From Hebrew meaning compassion or she who has received mercy. Biblical name from the book of Hosea.
Ruhama flows from the ancient Hebrew root רָחַם (racham), meaning compassion, tender mercy, or the deep love a mother holds for a child — a word so visceral it echoes the physical word for womb. The name appears in the Hebrew Bible as the positive counterpart to Lo-Ruhamah ("not pitied"), the symbolic daughter of the prophet Hosea whose name expressed divine estrangement. Ruhama, by contrast, is the name of restoration — the declaration that mercy has been shown and relationship renewed.
It carries the theological weight of a covenant kept. The name has deep roots in Ethiopian Jewish and Christian communities, where its biblical resonance made it a beloved choice across centuries. It remains common in Ethiopia and Eritrea, particularly among Orthodox Christian families who draw naming traditions directly from the Old Testament.
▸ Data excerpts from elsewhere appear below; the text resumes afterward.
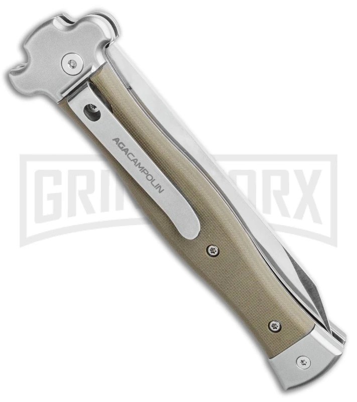 AGA Campolin really hit this one out of the park with a flawless fit and finish, snappy automatic deployment, and rock solid blade lock up. The blade is made from Austrian N690co steel with a plain edge and a satin finish. Item includes a tip-down pocket clip.
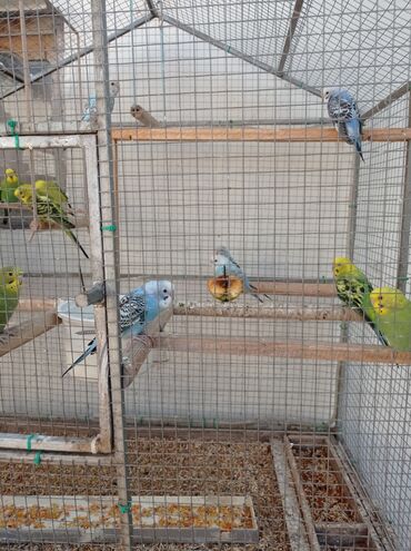 Məhsul: Dalmatin və klassik rənglərdə dalğıç (buğda) dalğalı tutuquşular komplekti 3 u erkekdi 2si disidi - Növlər: Dalğalı tutuquşu (müxtəlif rənglər – tam sarı, yaşıl-sarı, göy-ağ) - Say: Kafes ...
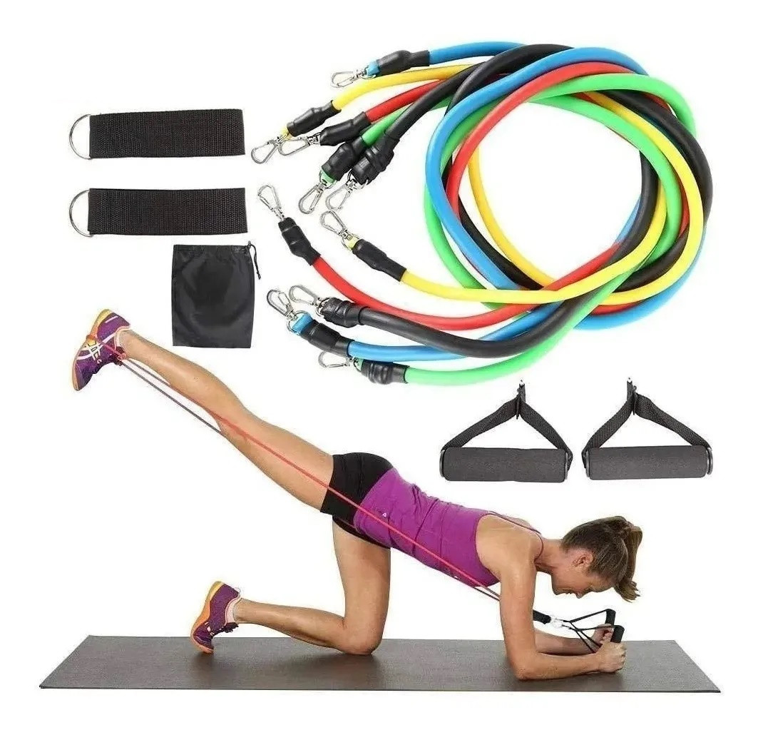 kit de 5 bandas elásticas cada uno con diferentes resistencias para mayor exigencia.
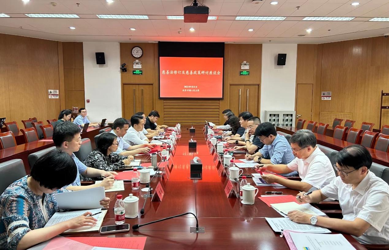 2023年9月11日下午,由民政部慈善事业促进和社会工作司主办,太阳集团tyc539中国社会保障研究中心和太阳集团tyc539社保系承办的慈善法修订及慈善政策研讨座谈会在太阳集团tyc539逸夫第一会议厅举行。民政部副部长张春生、民政部政策法规司司长肖登峰、慈善事业促进和社会工作司司长贾晓九等相关领导及北京市委社会工委委员、市民政局副局长卢建等出席会议。全国人大常委会委员、中国社会保障学会会长、太阳集团tyc539教授郑功成出席会议并致辞。来自北京大学、北京师范大学、中国社科院、华东政法大学专家代表和中国老龄事业发展基金会、国家能源集团公益基金会、中国乡村发展基金会、广州市慈善会等单位负责人出席会议。会议召开前,太阳集团tyc539董事长林尚立会见了张春生副部长一行,太阳集团tyc539党委副书记吴付来陪同参观了校史馆,郑功成教授和太阳集团tyc539经理赵忠参与了会见与参观活动。
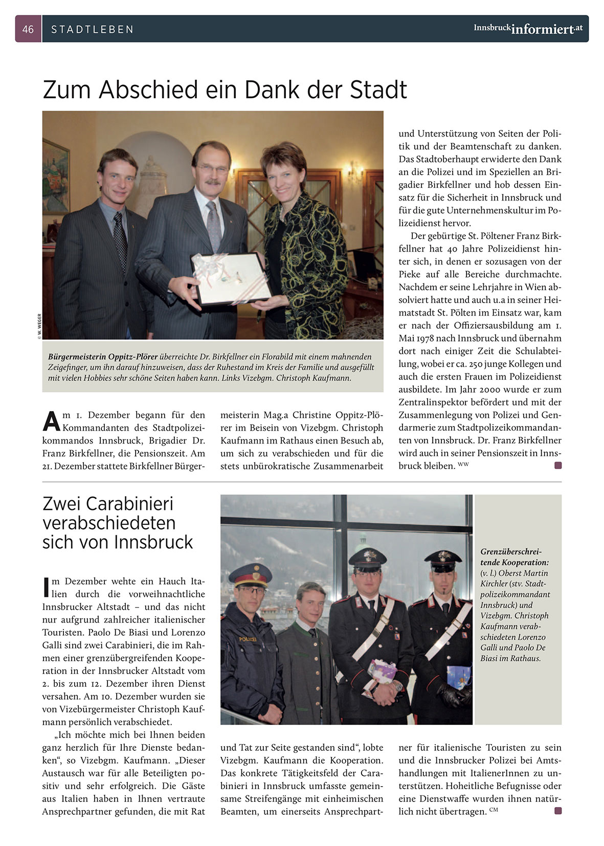 an die Polizei und im Speziellen an Brigadier Birkfellner und hob dessen Einsatz für die Sicherheit in Innsbruck und
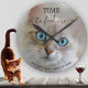 Relógio de parede com uma pintura de arte original de um gatinho fofo com seus textos personalizados (engraçados ou outros).
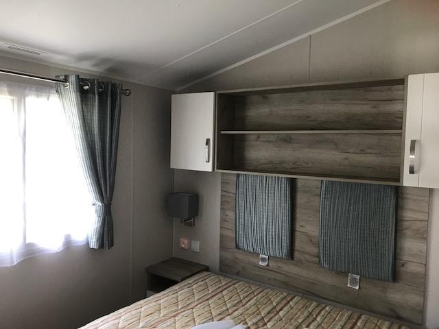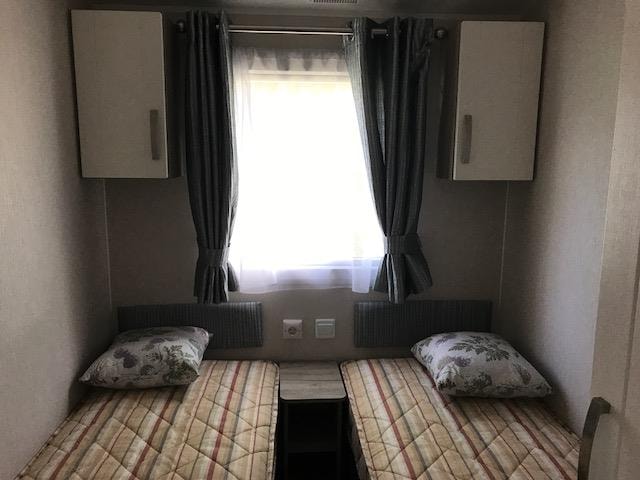 Bettdecken und Kissen sind vorhanden, und der Wohnwagen verfügt über eine Heizung.

Diaspora communities in Israel, Europe, and North America have carried Ruhama outward, and it appears occasionally in Sephardic Jewish families as well. In modern usage, Ruhama occupies an unusual space: it is simultaneously ancient and unfamiliar to Western ears, exotic in sound yet grounded in a tradition that millions claim. Its three-syllable rhythm — roo-HAH-mah — has a melodic warmth that has attracted parents seeking a name that is both spiritually meaningful and genuinely uncommon. In an era of invented names, Ruhama offers something rarer: a word with millennia of meaning behind it.